The full dataset does not fit in laptops memory and is computed on the cluster (which in turn has no gpu support)

The probability of predicting an author is calculated for each relationship (root distance to another node, reply distance to other nodes, and reply distance to nodes with the same author. In future also the author follower network will be included in the feature set.

The overall sum of the probability of predicting an author (in average) will be interpreted as the likelihood of any author writing in any time in the conversation (again, because it is not a new author).

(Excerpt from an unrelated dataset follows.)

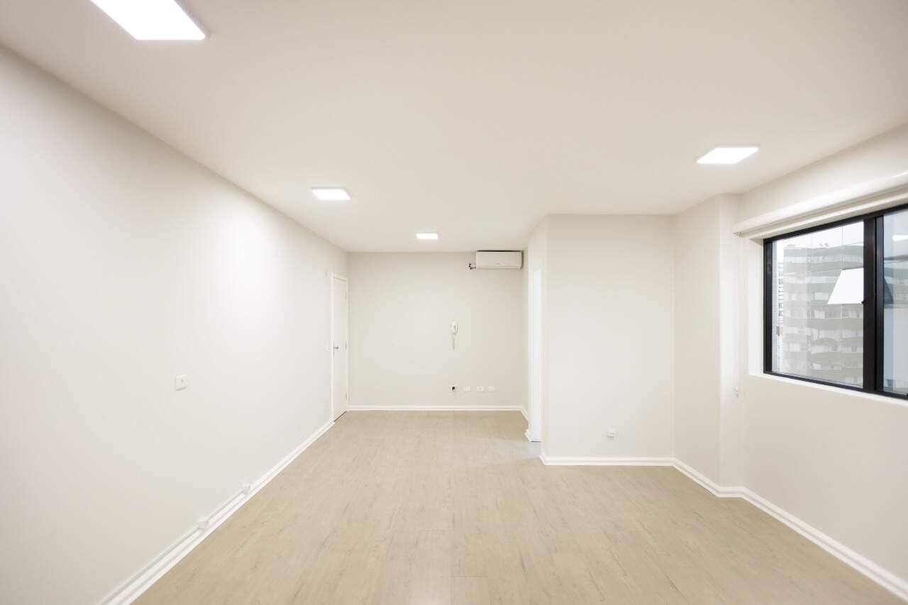 Excelente sala comercial para locação com piso laminado com 47,40 m² e uma bela vista do Centro Cívico. A sala conta com banheiro e copa com tampo em granito, além de vir equipada aparelhos de ar condicionado. Esta sala está localizada no º andar do Edifício World Business, localizado na Avenida Cândido de Abreu, 776, no coração do Centro Cívico, em Curitiba.

This will then seen as the author being present in the conversation because it is another measure of a author being available in all branches and positions in the conversation.



In [25]:
from platform import python_version
# import ipyparallel as ipp
# c = ipp.Client(profile="slurm")
# c.ids

print(python_version())

3.8.10


In [26]:
import pandas as pd
from sklearn.model_selection import train_test_split
import tensorflow as tf
from tensorflow.keras.models import Sequential
from tensorflow.keras.layers import Dense
import pickle
from keras import backend as K
# import pickle5 as pickle

is_cuda_gpu_available = tf.test.is_gpu_available(cuda_only=True)
gpus = tf.config.list_physical_devices('GPU')
if gpus:
    # Restrict TensorFlow to only allocate 1GB of memory on the first GPU
    try:
        tf.config.set_logical_device_configuration(
            gpus[0],
            [tf.config.LogicalDeviceConfiguration(memory_limit=2024)])
        logical_gpus = tf.config.list_logical_devices('GPU')
        print(len(gpus), "Physical GPUs,", len(logical_gpus), "Logical GPUs")
    except RuntimeError as e:
        # Virtual devices must be set before GPUs have been initialized
        print(e)
print("cuda gpu is available: {}".format(is_cuda_gpu_available))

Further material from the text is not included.